(Saved entries)
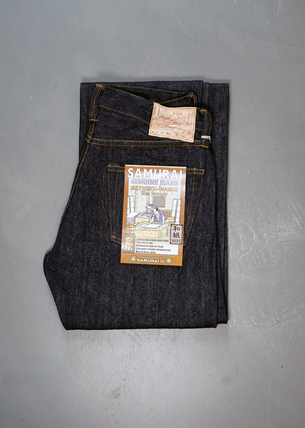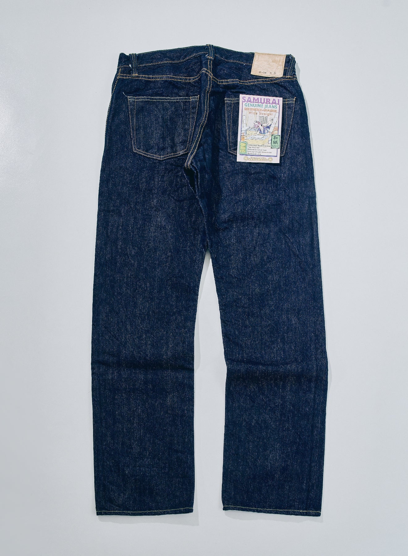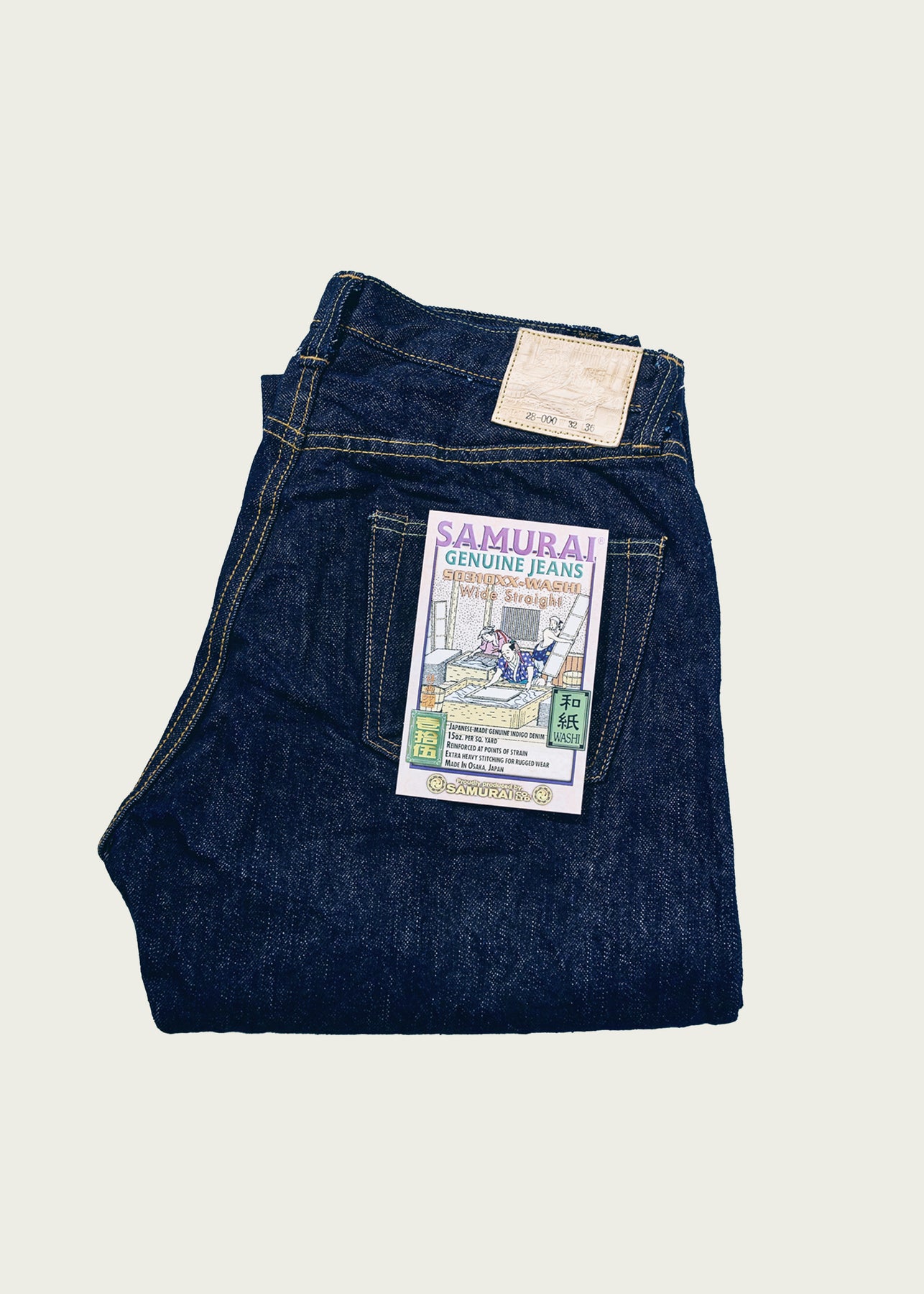 Construction details reflect Samurai’s uncompromising standards: custom-engraved metal buttons, jacquard-woven pocket bags, a selvedge-lined coin pocket, silver lamé selvedge ID, understated tonal arcuates, and a specially produced goatskin leather patch. Each pair is one-washed to ensure stability and consistent sizing, while still preserving the texture and character of unsanforized denim.
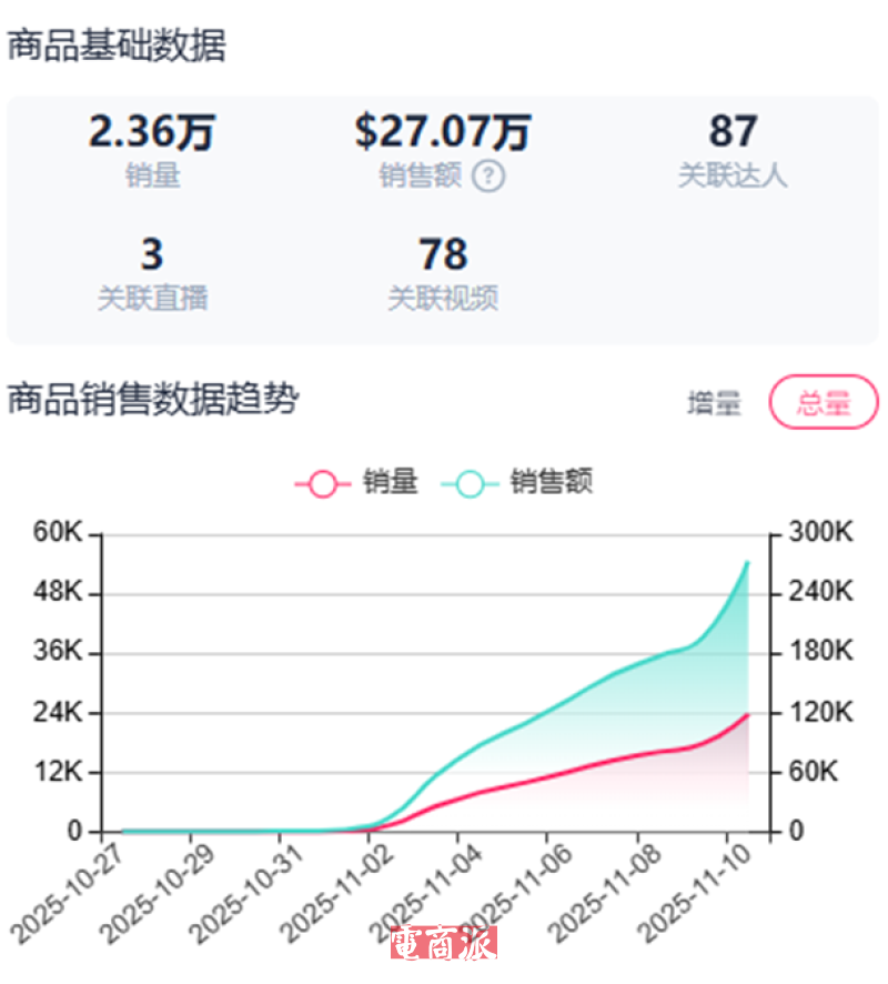 从销售额来看,自上架以来,该产品已经累计达成销售额27.07万美元(约合人民币192.72万元),目前其销售增量和总量都呈现直线上升态势,预计未来较长一段时间内还将保持加速增长。
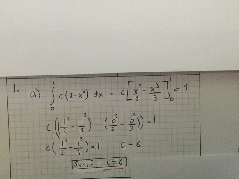 jag förstår att c( 1/2^2 - 1/3^3)=1 Men hur kan c=6 ? Var kommer 6 ifrån?
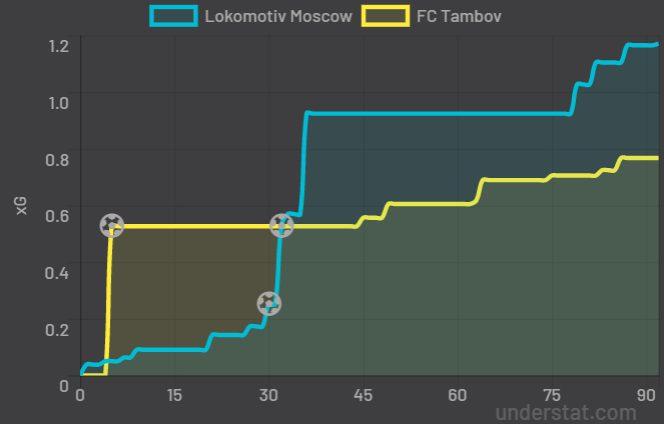 Минимальное xG — 0.66 против «Краснодара». В других поединках — выше 0.75, где в 60% встреч xG > 1.01
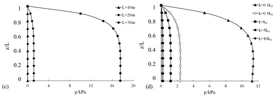 Firstly, the analysis of the gas pressure distribution of landfill piles with an impermeable bottom was conducted, and the parameters used in the model calculation were the same as those used in the previous example—illustrated as dashed lines in Figure 4. For comparison, the results of the one-dimensional steady-state gas pressure distribution without consideration of the variation of gas permeability coefficients with burial depth are also plotted as solid lines in Figure 4, according to the analytical solutions proposed by Townsend et al. [25]. Under this working condition, the bottom of the landfill pile was impermeable, and the generated landfill gas migrated to the top, and finally escaped to the atmosphere. The gas pressure on the top was the atmospheric pressure, and the landfill gas pressure increased as burial depth increased, with the landfill gas pressure at the pile bottom being the largest.
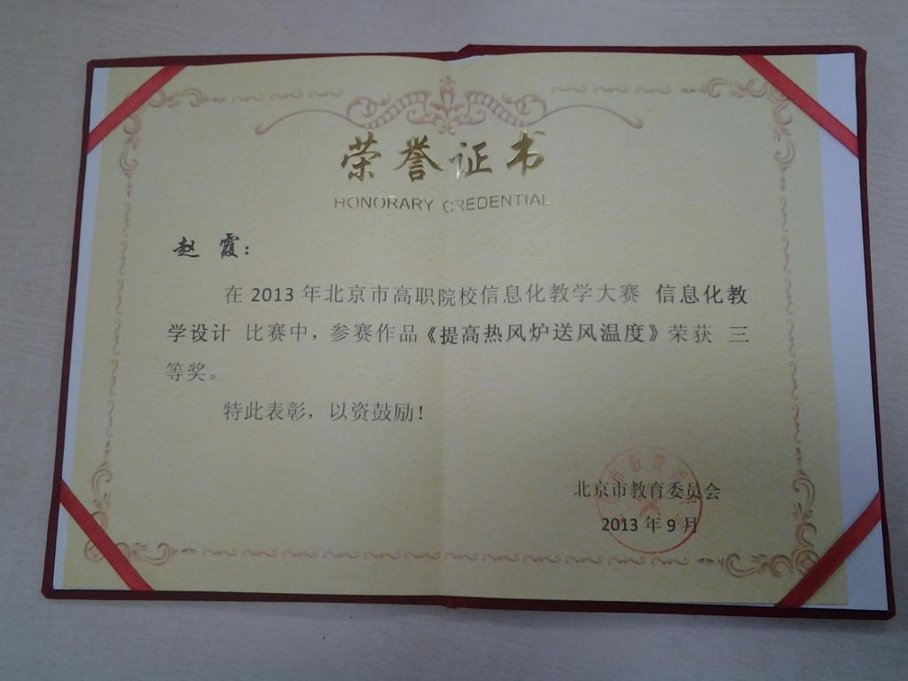 ? ? ????? 建工系教師趙霞,參加了北京市教育委員會(huì)主辦,北京工業(yè)職業(yè)技術(shù)學(xué)院承辦的“2013年北京市高等職業(yè)院校信息化教學(xué)大賽”。在院、系各級(jí)領(lǐng)導(dǎo)的大力支持,以及教務(wù)處的合力幫助下,經(jīng)過(guò)精心準(zhǔn)備,完成了參賽作品—《提高熱風(fēng)爐送風(fēng)溫度》的制作,該作品整體思路清晰,結(jié)構(gòu)層次分明,ppt課件制作精良,課程講解條理清晰,體現(xiàn)了較高的業(yè)務(wù)素養(yǎng)和專業(yè)水平,得到了大賽專家和評(píng)委的認(rèn)可,并獲得了大賽的三等獎(jiǎng)。 ?
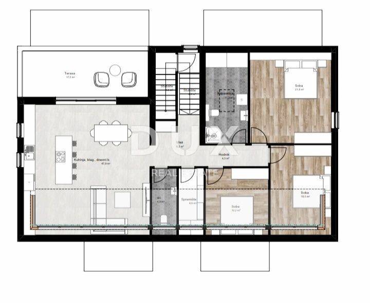 Iz dnevnog boravka se izlazi direktno na terasu. Njegova ukupna površina iznosi 148.93 m2.
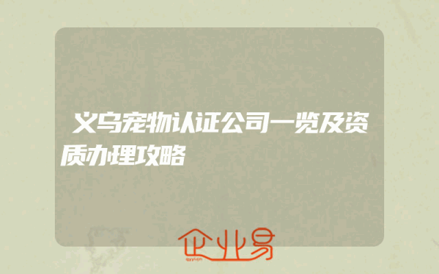 - 义乌宠物认证公司一览及资质办理攻略
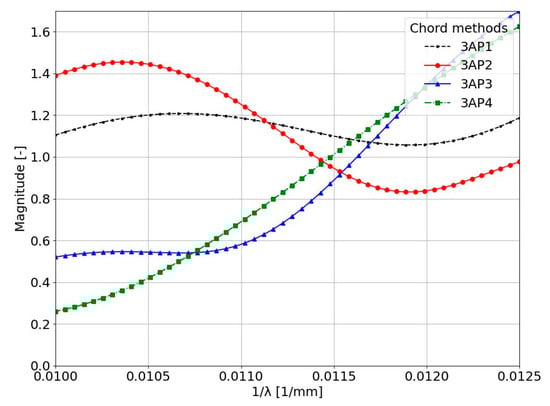 For each one-third octave band, it is possible to choose the optimal chord method with an amplification factor as close to one as possible. The selection of the appropriate chord method for the respective one-third octave band was performed based on the following quality criterion:
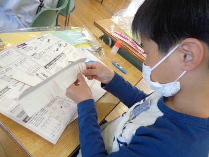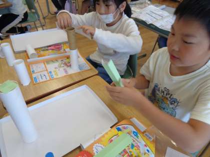 図画工作科「コロコロガーレ」では、高さを活かしてビー玉を転がすコースを考え、画用紙や紙筒でオリジナルコースづくりを始めました。
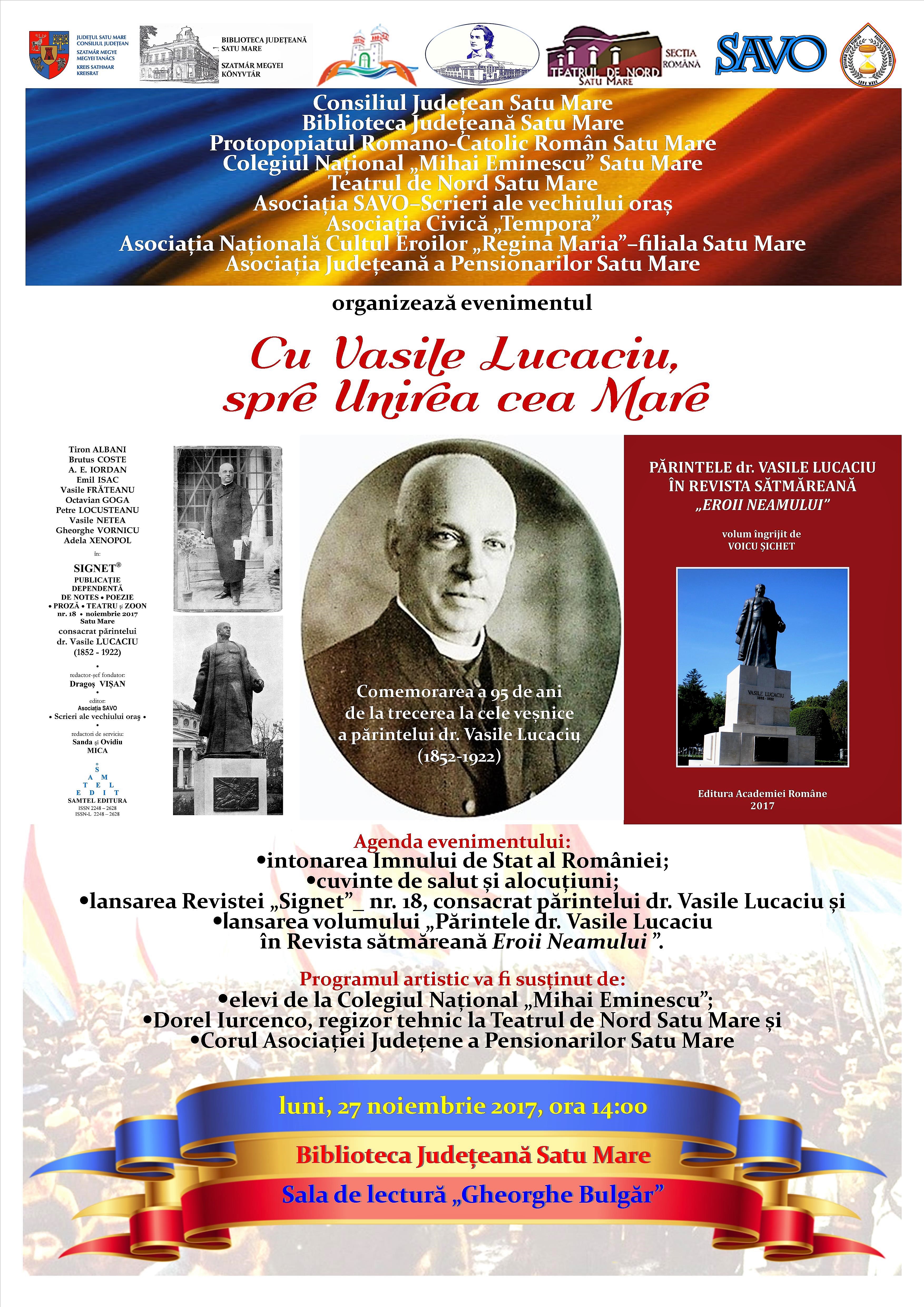 Biblioteca Județeană Satu Mare, cu sprijinul financiar al Consiliului Județean Satu Mare și în parteneriat cu Protopopiatul Romano-Catolic Român Satu Mare, Colegiul Național „Mihai Eminescu”, Teatrul de Nord, Asociația SAVO–Scrieri ale vechiului oraș, Asociația Civică „Tempora”, Asociația Națională Cultul Eroilor „Regina Maria”–filiala Satu Mare și Asociația Județeană a Pensionarilor Satu Mare organizează evenimentul „Cu Vasile Lucaciu, spre Unirea cea Mare”.
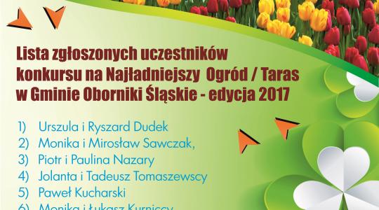 Lista zgłoszonych uczestników do konkursu na Najładniejszy Ogród/Taras
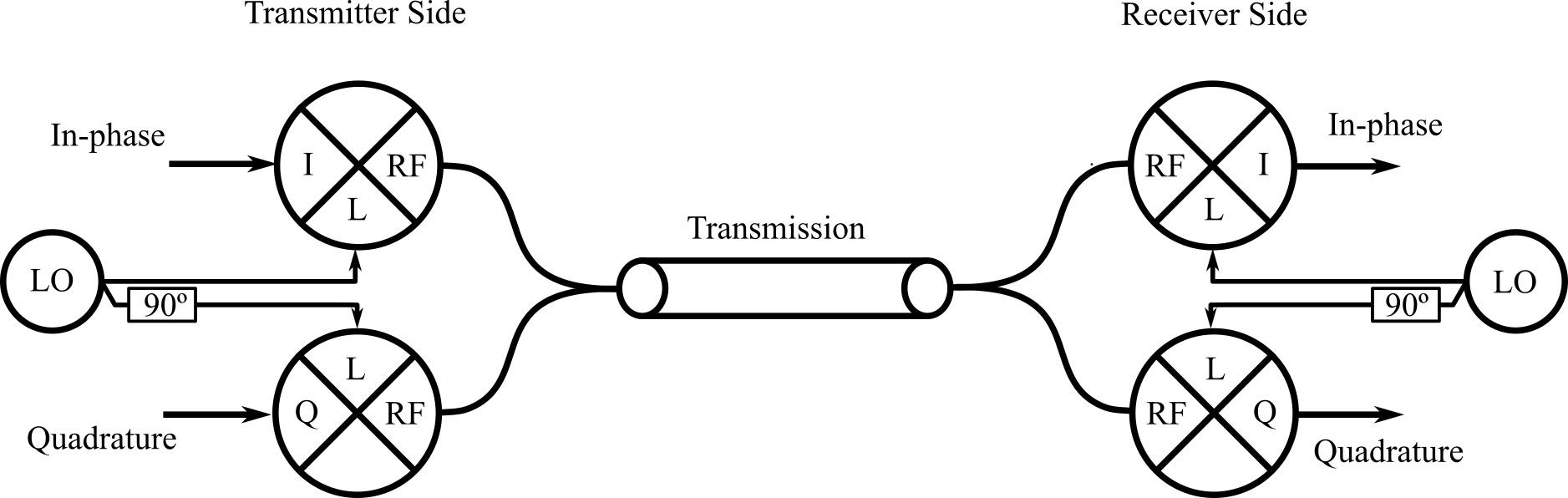 Figure 3: IQ mixer showing the transmission between the transmitter and receiver sides (Source: Per Vices)
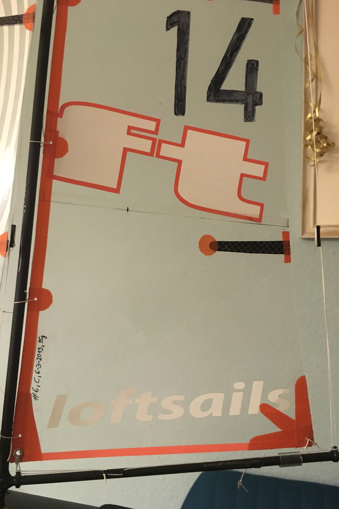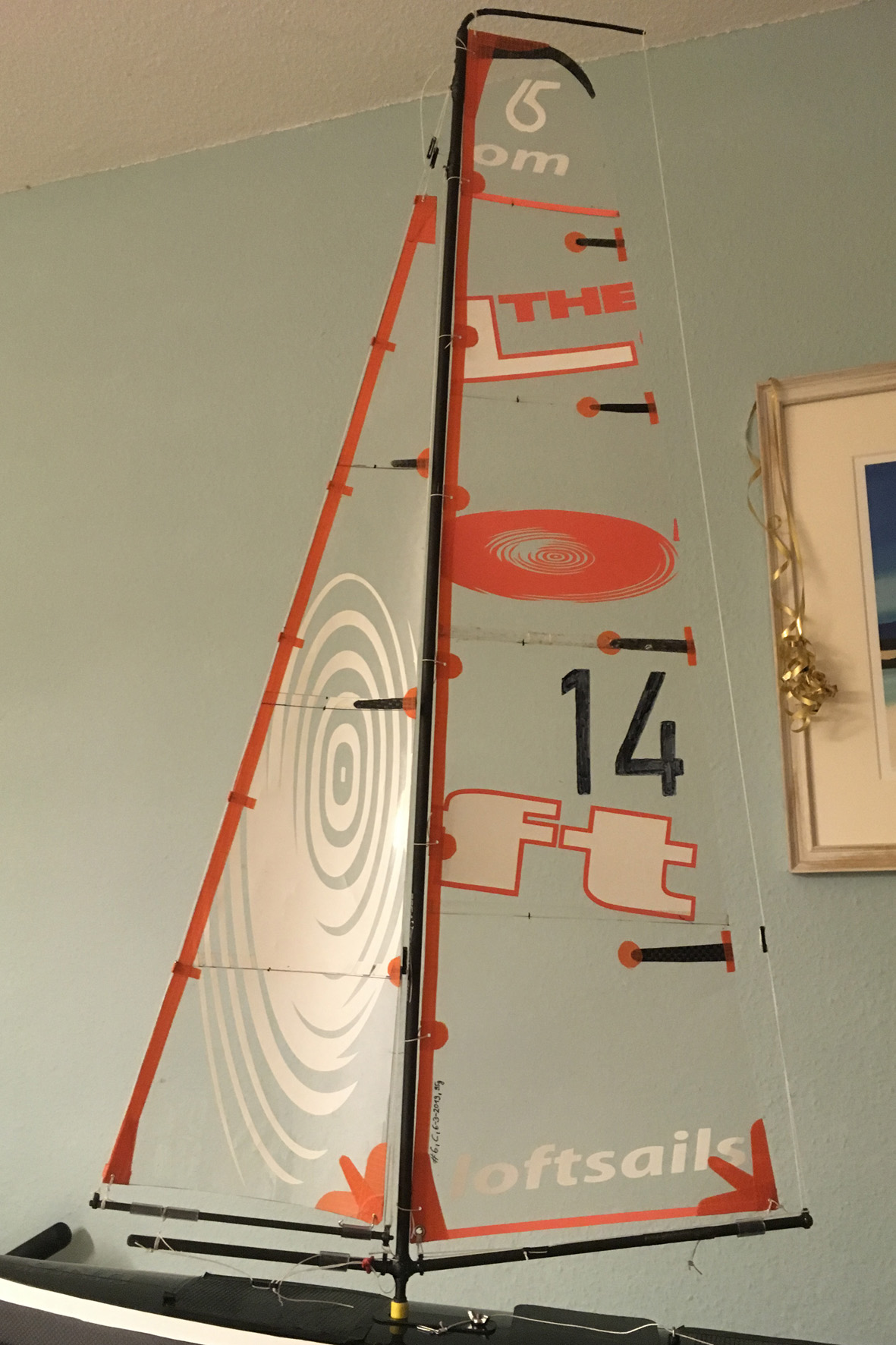Anbei ein paar Fotos trocken und in Aktion. Ich fand es optisch ganz in Ordnung ... dem Trimm habe ich etwas mehr Twist gegeben und in die Fockschot etwas mehr lose im Vergleich zum A und B Rigg.

# WORK REQUEST:
Each line above should be printed again exactly, though the pictures should not be.

# RESULT OF THE EXERCISE:
 Construction details reflect Samurai’s uncompromising standards: custom-engraved metal buttons, jacquard-woven pocket bags, a selvedge-lined coin pocket, silver lamé selvedge ID, understated tonal arcuates, and a specially produced goatskin leather patch. Each pair is one-washed to ensure stability and consistent sizing, while still preserving the texture and character of unsanforized denim.
 从销售额来看,自上架以来,该产品已经累计达成销售额27.07万美元(约合人民币192.72万元),目前其销售增量和总量都呈现直线上升态势,预计未来较长一段时间内还将保持加速增长。
 jag förstår att c( 1/2^2 - 1/3^3)=1 Men hur kan c=6 ? Var kommer 6 ifrån?
 Минимальное xG — 0.66 против «Краснодара». В других поединках — выше 0.75, где в 60% встреч xG > 1.01
 Firstly, the analysis of the gas pressure distribution of landfill piles with an impermeable bottom was conducted, and the parameters used in the model calculation were the same as those used in the previous example—illustrated as dashed lines in Figure 4. For comparison, the results of the one-dimensional steady-state gas pressure distribution without consideration of the variation of gas permeability coefficients with burial depth are also plotted as solid lines in Figure 4, according to the analytical solutions proposed by Townsend et al. [25]. Under this working condition, the bottom of the landfill pile was impermeable, and the generated landfill gas migrated to the top, and finally escaped to the atmosphere. The gas pressure on the top was the atmospheric pressure, and the landfill gas pressure increased as burial depth increased, with the landfill gas pressure at the pile bottom being the largest.
 ? ? ????? 建工系教師趙霞,參加了北京市教育委員會(huì)主辦,北京工業(yè)職業(yè)技術(shù)學(xué)院承辦的“2013年北京市高等職業(yè)院校信息化教學(xué)大賽”。在院、系各級(jí)領(lǐng)導(dǎo)的大力支持,以及教務(wù)處的合力幫助下,經(jīng)過(guò)精心準(zhǔn)備,完成了參賽作品—《提高熱風(fēng)爐送風(fēng)溫度》的制作,該作品整體思路清晰,結(jié)構(gòu)層次分明,ppt課件制作精良,課程講解條理清晰,體現(xiàn)了較高的業(yè)務(wù)素養(yǎng)和專業(yè)水平,得到了大賽專家和評(píng)委的認(rèn)可,并獲得了大賽的三等獎(jiǎng)。 ?
 Iz dnevnog boravka se izlazi direktno na terasu. Njegova ukupna površina iznosi 148.93 m2.
 - 义乌宠物认证公司一览及资质办理攻略
 For each one-third octave band, it is possible to choose the optimal chord method with an amplification factor as close to one as possible. The selection of the appropriate chord method for the respective one-third octave band was performed based on the following quality criterion:
 図画工作科「コロコロガーレ」では、高さを活かしてビー玉を転がすコースを考え、画用紙や紙筒でオリジナルコースづくりを始めました。
 Biblioteca Județeană Satu Mare, cu sprijinul financiar al Consiliului Județean Satu Mare și în parteneriat cu Protopopiatul Romano-Catolic Român Satu Mare, Colegiul Național „Mihai Eminescu”, Teatrul de Nord, Asociația SAVO–Scrieri ale vechiului oraș, Asociația Civică „Tempora”, Asociația Națională Cultul Eroilor „Regina Maria”–filiala Satu Mare și Asociația Județeană a Pensionarilor Satu Mare organizează evenimentul „Cu Vasile Lucaciu, spre Unirea cea Mare”.
 Lista zgłoszonych uczestników do konkursu na Najładniejszy Ogród/Taras
 Figure 3: IQ mixer showing the transmission between the transmitter and receiver sides (Source: Per Vices)
Anbei ein paar Fotos trocken und in Aktion. Ich fand es optisch ganz in Ordnung ... dem Trimm habe ich etwas mehr Twist gegeben und in die Fockschot etwas mehr lose im Vergleich zum A und B Rigg.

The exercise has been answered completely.